Does being pregnant mean saying goodbye to softball, tennis or any other sport you enjoy? Not necessarily.
Being physically active during pregnancy offers women many health benefits, among them a psychological lift, optimal weight gain and better aerobic fitness. For most pregnancies, mild to moderate physical activity benefits mom and won't affect your unborn child. Consider these benefits to staying active during pregnancy. You can:
- Look and feel good as your body changes.
- Promote muscle tone, stamina and strength.
- Reduce leg and back pain, constipation, swelling and bloating.
- Promote blood circulation and possibly help prevent varicose veins.
- Help your posture and balance, which is very important as your center of gravity shifts.
- Sleep better.
- Prepare your body for labor and childbirth.

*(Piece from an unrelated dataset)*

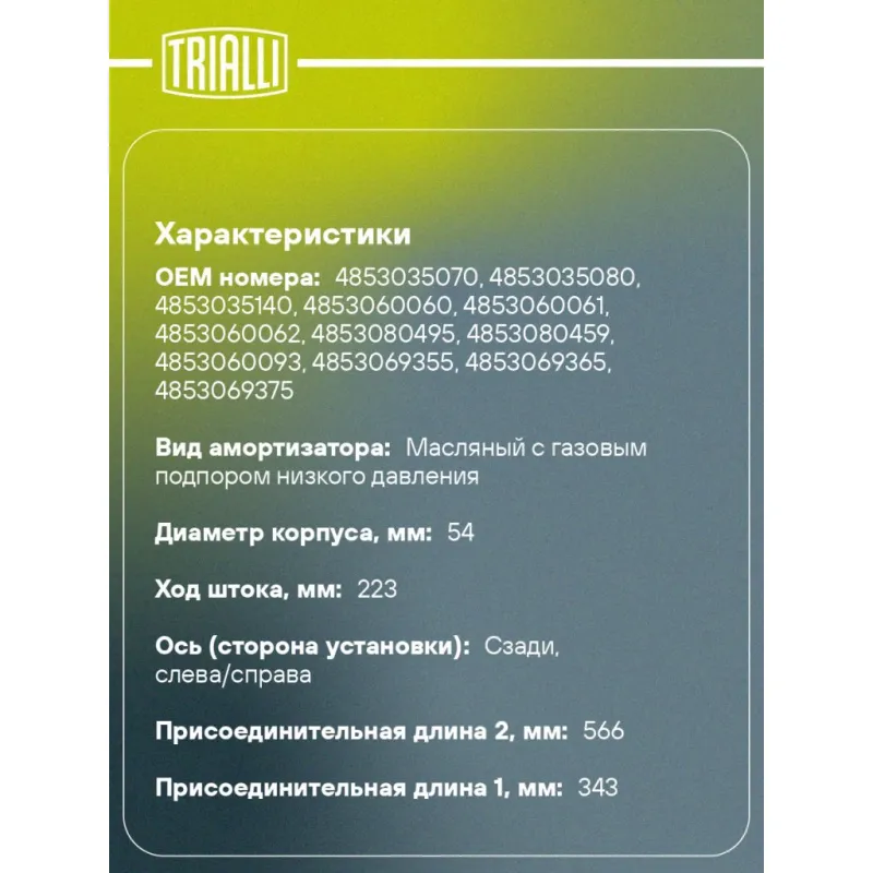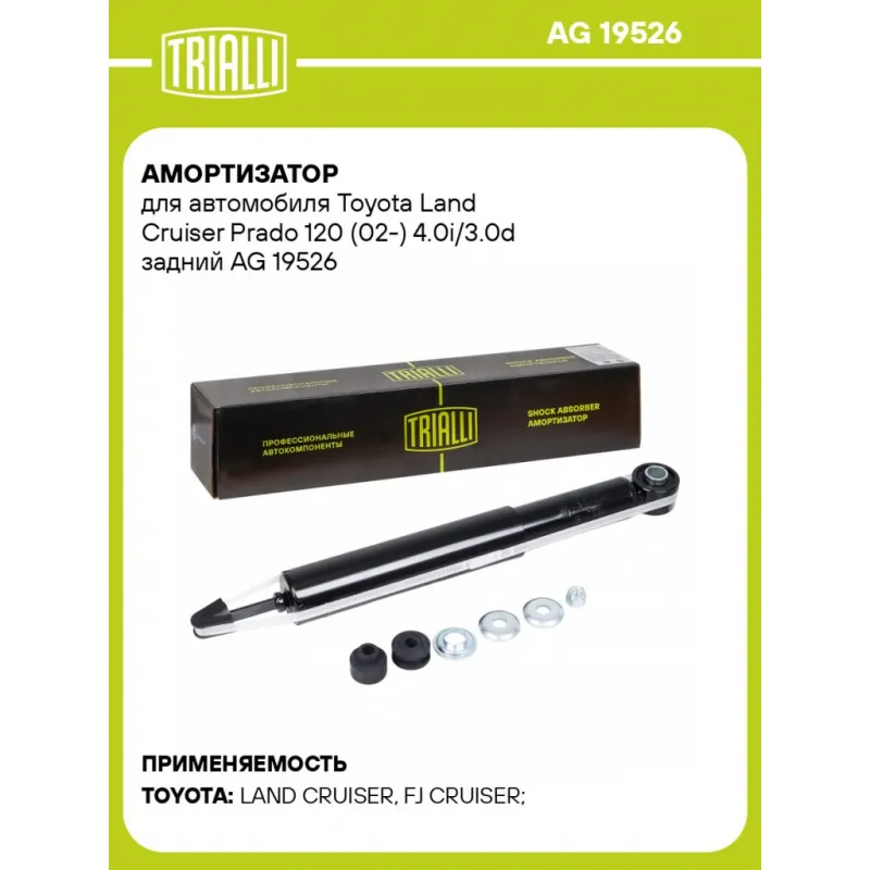 Амортизатор для автомобиля Toyota Land Cruiser Prado 120 (02-) 4.0i/3.0d задний Характеристики: Артикул: AG 19526 OEM номера: 4853035070, 4853035080, 4853035140, 4853060060, 4853060061, 4853060062, 4853080495, 4853080459, 4853060093, 4853069355, 4853069365, 4853069375, 4853069385, 4853080087, 4853080088, 4853060090, 4853060091, 4853060092, 4853069165, 4853069195, 4853069335 Ход штока, мм: 223 Ось (сторона установки): Сзади, слева/справа Тип амортизатора: Двухтрубный, гидравлический Вид амортизатора: Масляный с газовым подпором низкого давления Тип верхнего крепления: Шток Тип нижнего крепления: Проушина/сайлентблок Диаметр корпуса, мм: 54 Диаметр штока, мм: 12 Размер резьбы штока: M12x1,25 Присоединительная длина 1, мм: 343 Присоединительная длина 2, мм: 566 Товарная линейка: BLACK Количество на автомобиль: 2 Дополнительная информация: Упаковка изделия может отличаться от представленной на фото Гарантийный срок: 2 года/60 000 км Комплектация: Амортизатор задний - 1 шт Шайба - 3 шт Гайка крепежная - 1 шт Подушка резиновая - 2 шт Гарантия: от 1 года.
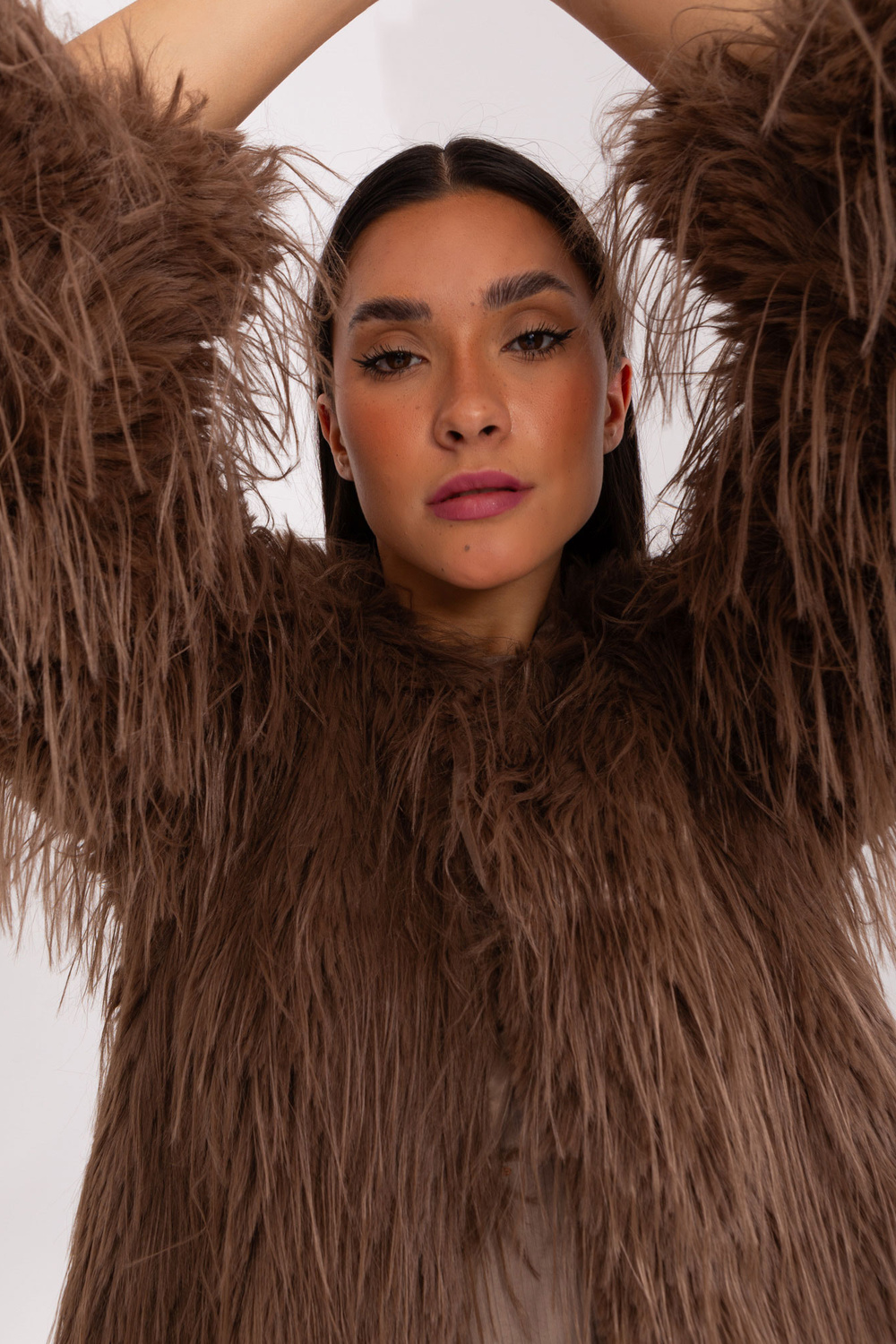 Brūnas kažokādas pārejas jaka ar kabatām .

- Get your body back in shape after delivery.
From 2008 Physical Activity Guidelines for Americans: Pregnant and Postpartum Women
Healthy women who are not already doing vigorous-intensity physical activity should get at least 2 hours and 30 minutes (150 minutes) of moderate-intensity aerobic activity a week. Preferably, this activity should be spread throughout the week. Women who regularly engage in vigorous-intensity aerobic activity or high amounts of activity can continue their activity provided that their condition remains unchanged and they talk to their health care provider about their activity level throughout their pregnancy.
All the nutritional issues that relate to a healthy pregnancy apply to female athletes. Eat a varied and balanced diet with enough calories to support your baby and your own needs while meeting the physical demands of your activity.
Fluid replacement has even more health implications during pregnancy as your own and your baby's blood volume increases. If you don't drink enough fluids, you're at greater risk for dehydration and overheating; early in pregnancy, that can affect the development of your unborn baby. Stay hydrated throughout the day with water plus fat-free or low-fat milk and moderate servings of 100 percent juice.